Notes from the filmmaker

Notes from the filmmaker

It Ain't City Music was filmed in 1972 at the National Country Music Contest, Whippoorwill Lake, Warrenton, Va. The festival was sponsored by the Warrenton Jaycees. Warrenton is about 60 miles west of Washington, DC. In those days, the area was rural and the economy was agricultural. In the 1980s as the area became more suburban, the festival ended.

Here are some notes by filmmaker Tom Davenport from an a 1973 article in Film News…

I grew up on a farm about 15 miles away from Lake Whippoorwill in Fauquier County, Virginia where the National Country Music contest was held every summer. At the time, it was the oldest Country Music contest in the country. In 1970 (I was 31 years old) I went to the Contest and took a lot of still photographs and it was through these that the idea of a film came about.
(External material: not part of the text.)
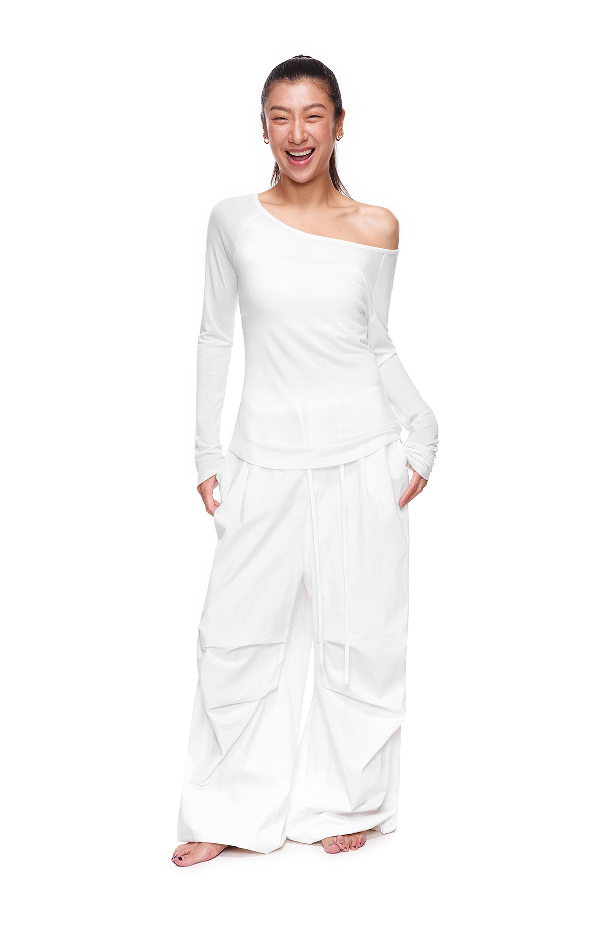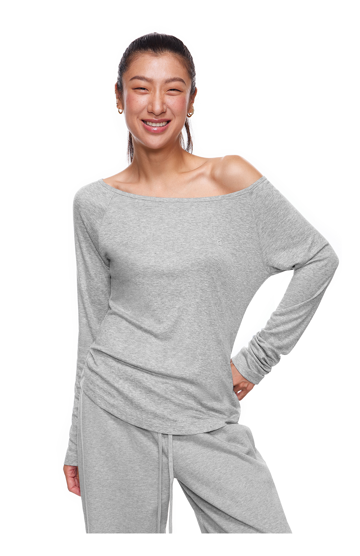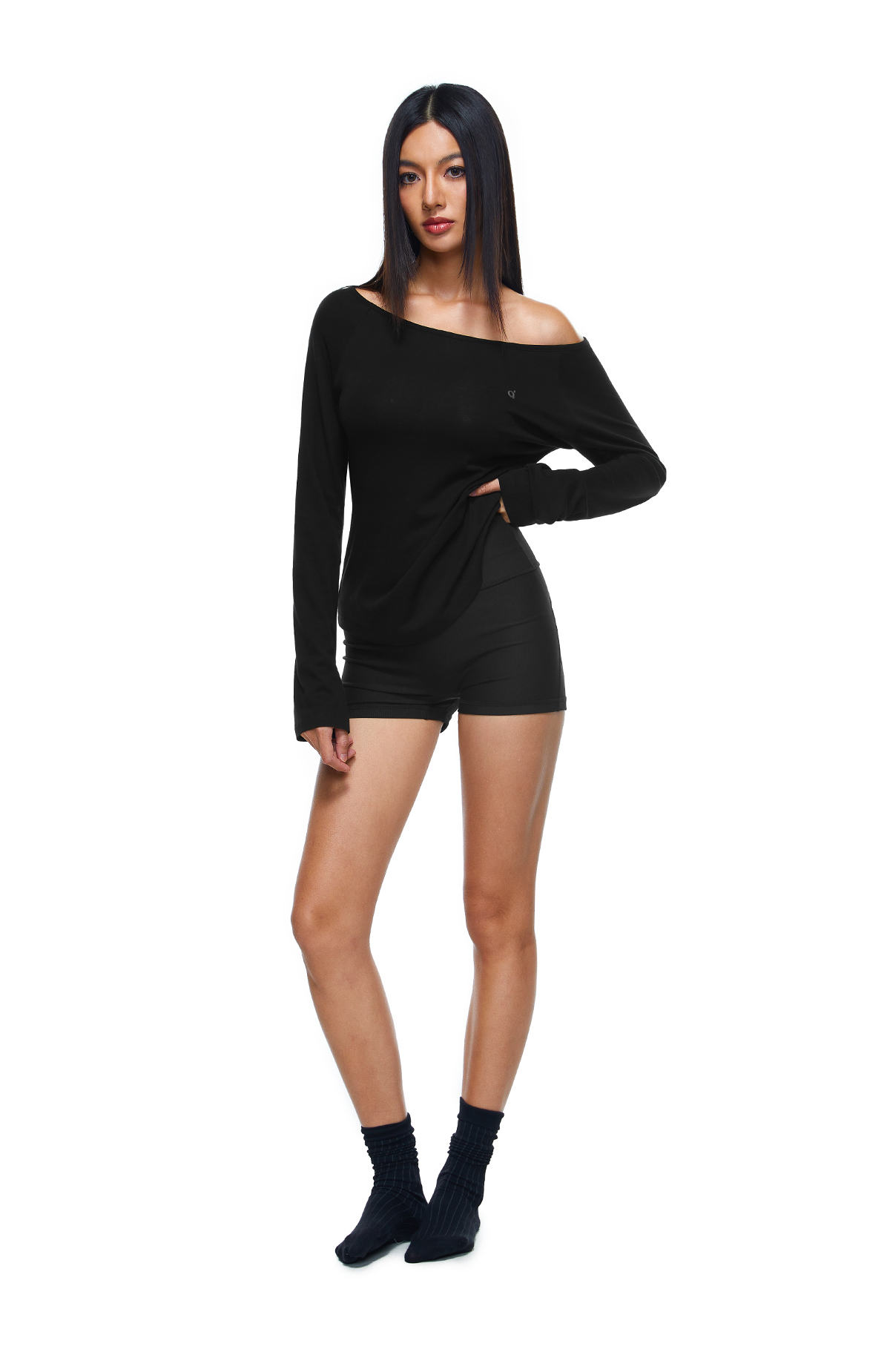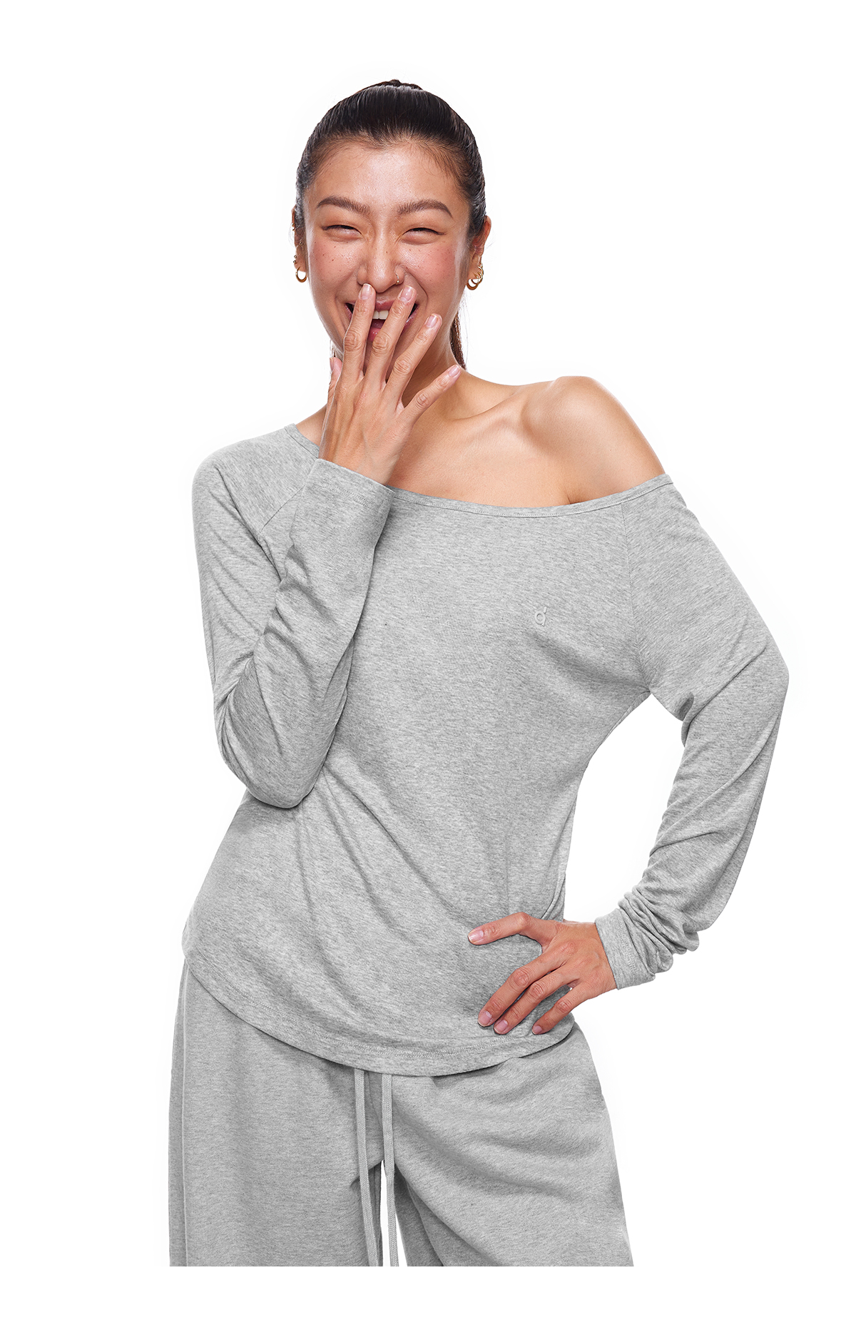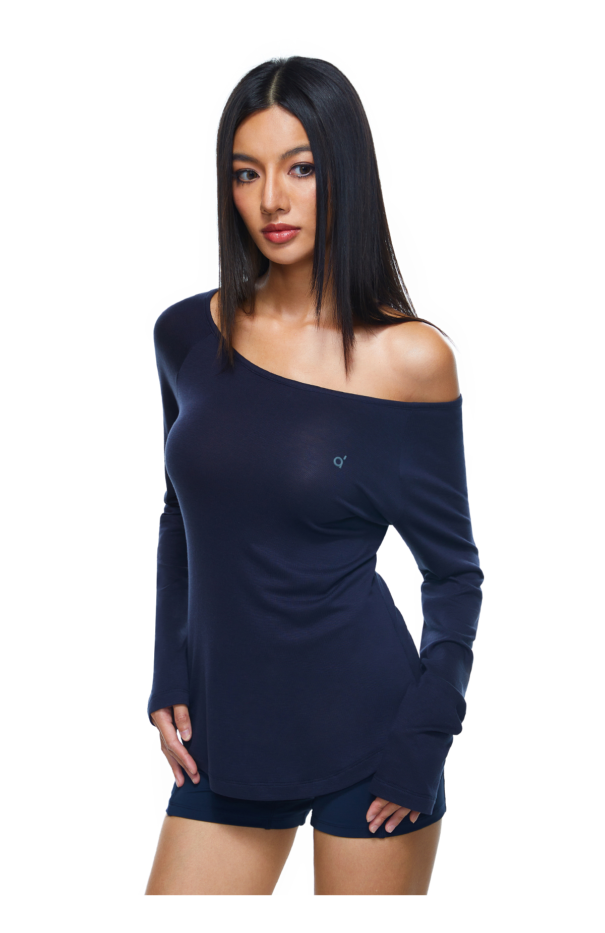 【178元任选3件】FDR旗舰店 轻薄透气斜肩长袖t恤女收腰显瘦运动打底一字肩上衣

Initially, I thought I might focus on the Contest itself — follow the potential winners and losers and try to generate an element of suspense in the outcome — but I decided not to. The winner of each category receives a cash prize, but as one man in the film notes, "I don't come to win, I come to play..." And that sentiment is really, I felt, the core of the festival — the real action and the best playing are "in the field" where the music and good times are spontaneous. I had seen paintings by Brueghel of peasants at festivals and that same spirited atmosphere, vulgar and exuberant, was exactly what I wanted to convey in It Ain't City Music.
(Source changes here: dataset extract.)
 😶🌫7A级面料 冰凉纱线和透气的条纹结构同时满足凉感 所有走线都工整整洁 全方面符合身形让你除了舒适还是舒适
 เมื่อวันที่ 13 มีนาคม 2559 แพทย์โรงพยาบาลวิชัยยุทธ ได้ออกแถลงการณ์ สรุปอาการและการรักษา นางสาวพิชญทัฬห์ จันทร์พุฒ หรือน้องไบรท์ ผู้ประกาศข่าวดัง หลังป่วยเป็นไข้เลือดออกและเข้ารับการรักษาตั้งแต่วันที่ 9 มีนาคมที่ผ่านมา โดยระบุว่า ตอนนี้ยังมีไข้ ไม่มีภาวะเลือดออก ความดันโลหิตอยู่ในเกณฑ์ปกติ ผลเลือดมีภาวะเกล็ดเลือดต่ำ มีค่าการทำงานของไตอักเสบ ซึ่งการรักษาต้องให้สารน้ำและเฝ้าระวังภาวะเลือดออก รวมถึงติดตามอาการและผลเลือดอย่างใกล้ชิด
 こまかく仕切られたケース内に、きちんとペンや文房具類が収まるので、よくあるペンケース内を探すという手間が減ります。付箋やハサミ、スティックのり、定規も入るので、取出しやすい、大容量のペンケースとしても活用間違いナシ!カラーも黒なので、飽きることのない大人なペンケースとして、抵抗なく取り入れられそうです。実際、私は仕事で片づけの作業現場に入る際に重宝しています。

The women in the film (and the examples are outstanding but typical) are particularly provocative --very gaudy, buxom and sexually obvious in their hot-pants and bouffant hairdos, real honky-tonk angels. The "good old boys" look more subdued. That Elvis-style glitter is reserved for the stage, and they concentrate their efforts on serious "lady-watching, pickin' and drinkin'." On all levels the festival was often described as a kind of "family reunion," where everybody, infants through grandma, players and fans can get it together. In one interview (not used) a fellow went to some lengths contrasting country music to soul music and rock, his point being that country music was their music, the "true American music." But most people said country music was for everybody, and I think they genuinely felt that. As one man we interviewed said, it used to be that anybody connected with country music was a "hick," a "mountaineer," but that's not so anymore. Now, country music has become respectable, gone "uptown." And so have country music festivals. Once purely a rural phenomenon, their present "uptown" popularity is due in large part/to the nostalgia revival which reflects a craving for a less cynical, more traditional, in a way more conservative, sense of values.
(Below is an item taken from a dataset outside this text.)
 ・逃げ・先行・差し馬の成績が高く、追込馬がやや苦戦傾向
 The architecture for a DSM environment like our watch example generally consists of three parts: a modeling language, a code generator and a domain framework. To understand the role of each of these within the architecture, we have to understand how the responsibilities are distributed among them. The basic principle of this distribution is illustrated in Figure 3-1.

Many of the people in the film mythologize their own backgrounds. They reminisce about their rural origins, their folks, the depression and hard times ("We didn't have no food, but Mamma always had the guitar on the front porch!") but now they've left the hills and moved into town, into suburbia, into the city. Increasingly the themes of country music songs deal with the complications of life away from the farm - "any country song you hear nowadays the guy's either in jail or just got divorced...", notes a man who continues, "...but it's their lives and they write songs about it..." Their new affluence is proudly evident by the sophisticated consumer goods they bring to the festival — fancy campers, recreation equipment — the status objects of prototypical Middle Americans, supporters of the American Dream and (judging from the bumper stickers on their campers) the politicians who promise it to them. However, people didn't come to the Contest to expound political philosophies; they came to relax, to be seen, be entertained and carouse. They liked being filmed and I liked filming them and the warmth and humor and exuberance they reveal is what I wanted to share through the film.